### What you will do
Give back exactly the lines from the line that contains "近日,文化和旅游部科技教育司" to the last line of the listing below, inclusive, and no others.

### Source information
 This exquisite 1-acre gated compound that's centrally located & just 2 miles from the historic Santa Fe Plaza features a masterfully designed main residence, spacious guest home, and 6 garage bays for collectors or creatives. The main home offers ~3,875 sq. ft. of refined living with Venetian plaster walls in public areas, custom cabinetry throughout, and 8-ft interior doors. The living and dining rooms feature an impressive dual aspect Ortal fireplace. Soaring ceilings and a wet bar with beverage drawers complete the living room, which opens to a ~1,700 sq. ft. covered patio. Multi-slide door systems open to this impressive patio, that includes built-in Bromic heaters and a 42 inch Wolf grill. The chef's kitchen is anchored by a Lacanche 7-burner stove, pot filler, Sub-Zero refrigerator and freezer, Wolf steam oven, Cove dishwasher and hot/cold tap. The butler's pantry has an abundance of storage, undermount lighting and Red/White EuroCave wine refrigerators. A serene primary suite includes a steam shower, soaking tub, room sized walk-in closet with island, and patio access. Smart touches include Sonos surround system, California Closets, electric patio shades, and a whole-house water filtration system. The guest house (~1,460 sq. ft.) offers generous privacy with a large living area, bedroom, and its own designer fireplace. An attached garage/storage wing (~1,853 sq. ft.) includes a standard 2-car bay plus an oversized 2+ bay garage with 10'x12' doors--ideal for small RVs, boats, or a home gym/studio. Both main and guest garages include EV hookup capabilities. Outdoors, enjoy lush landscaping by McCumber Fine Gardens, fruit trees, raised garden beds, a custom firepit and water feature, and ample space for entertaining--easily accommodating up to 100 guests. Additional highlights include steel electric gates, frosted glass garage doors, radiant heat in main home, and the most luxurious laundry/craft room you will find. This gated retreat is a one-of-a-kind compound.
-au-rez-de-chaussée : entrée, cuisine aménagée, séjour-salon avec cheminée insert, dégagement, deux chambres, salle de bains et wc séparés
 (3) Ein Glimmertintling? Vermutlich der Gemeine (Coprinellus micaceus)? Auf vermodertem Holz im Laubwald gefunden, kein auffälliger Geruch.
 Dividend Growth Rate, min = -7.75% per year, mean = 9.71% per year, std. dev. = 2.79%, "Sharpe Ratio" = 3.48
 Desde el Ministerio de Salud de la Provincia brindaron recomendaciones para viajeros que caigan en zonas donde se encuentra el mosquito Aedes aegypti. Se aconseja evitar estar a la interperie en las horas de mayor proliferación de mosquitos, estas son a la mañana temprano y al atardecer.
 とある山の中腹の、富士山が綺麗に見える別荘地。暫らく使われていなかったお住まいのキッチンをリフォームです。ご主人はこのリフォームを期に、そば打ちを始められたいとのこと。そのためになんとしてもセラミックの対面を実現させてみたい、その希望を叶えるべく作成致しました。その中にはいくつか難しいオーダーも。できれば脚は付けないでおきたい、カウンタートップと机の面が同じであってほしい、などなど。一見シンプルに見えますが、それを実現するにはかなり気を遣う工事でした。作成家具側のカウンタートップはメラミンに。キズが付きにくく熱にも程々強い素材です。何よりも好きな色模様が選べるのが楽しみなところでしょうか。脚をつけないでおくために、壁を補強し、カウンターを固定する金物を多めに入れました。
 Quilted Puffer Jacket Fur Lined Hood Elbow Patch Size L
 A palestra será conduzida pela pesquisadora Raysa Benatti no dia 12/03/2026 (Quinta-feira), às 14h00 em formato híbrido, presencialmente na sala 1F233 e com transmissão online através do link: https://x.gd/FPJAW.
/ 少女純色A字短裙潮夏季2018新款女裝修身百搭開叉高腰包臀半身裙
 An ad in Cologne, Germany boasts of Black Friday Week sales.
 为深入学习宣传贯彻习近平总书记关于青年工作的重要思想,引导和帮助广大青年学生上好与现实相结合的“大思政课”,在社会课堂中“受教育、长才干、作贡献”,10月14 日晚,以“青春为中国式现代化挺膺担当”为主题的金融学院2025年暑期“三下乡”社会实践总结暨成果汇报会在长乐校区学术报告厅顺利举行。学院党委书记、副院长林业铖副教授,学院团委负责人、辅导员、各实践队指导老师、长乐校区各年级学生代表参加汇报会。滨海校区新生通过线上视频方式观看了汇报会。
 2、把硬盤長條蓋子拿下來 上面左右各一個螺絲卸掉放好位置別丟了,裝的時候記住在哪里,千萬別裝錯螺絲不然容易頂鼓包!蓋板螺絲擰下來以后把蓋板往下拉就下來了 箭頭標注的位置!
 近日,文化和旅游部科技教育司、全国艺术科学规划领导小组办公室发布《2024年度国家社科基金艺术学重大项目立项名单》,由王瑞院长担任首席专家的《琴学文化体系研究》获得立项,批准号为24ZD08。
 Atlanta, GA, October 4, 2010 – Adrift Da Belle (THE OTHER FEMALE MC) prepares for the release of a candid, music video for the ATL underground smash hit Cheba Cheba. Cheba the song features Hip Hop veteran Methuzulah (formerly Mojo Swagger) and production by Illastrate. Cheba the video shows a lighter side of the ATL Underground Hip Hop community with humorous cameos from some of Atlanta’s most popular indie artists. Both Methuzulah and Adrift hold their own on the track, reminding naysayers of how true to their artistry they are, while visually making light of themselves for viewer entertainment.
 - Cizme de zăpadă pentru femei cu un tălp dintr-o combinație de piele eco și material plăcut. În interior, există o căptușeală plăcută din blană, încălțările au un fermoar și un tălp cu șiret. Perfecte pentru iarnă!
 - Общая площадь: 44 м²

### Response area
 近日,文化和旅游部科技教育司、全国艺术科学规划领导小组办公室发布《2024年度国家社科基金艺术学重大项目立项名单》,由王瑞院长担任首席专家的《琴学文化体系研究》获得立项,批准号为24ZD08。
 Atlanta, GA, October 4, 2010 – Adrift Da Belle (THE OTHER FEMALE MC) prepares for the release of a candid, music video for the ATL underground smash hit Cheba Cheba. Cheba the song features Hip Hop veteran Methuzulah (formerly Mojo Swagger) and production by Illastrate. Cheba the video shows a lighter side of the ATL Underground Hip Hop community with humorous cameos from some of Atlanta’s most popular indie artists. Both Methuzulah and Adrift hold their own on the track, reminding naysayers of how true to their artistry they are, while visually making light of themselves for viewer entertainment.
 - Cizme de zăpadă pentru femei cu un tălp dintr-o combinație de piele eco și material plăcut. În interior, există o căptușeală plăcută din blană, încălțările au un fermoar și un tălp cu șiret. Perfecte pentru iarnă!
 - Общая площадь: 44 м²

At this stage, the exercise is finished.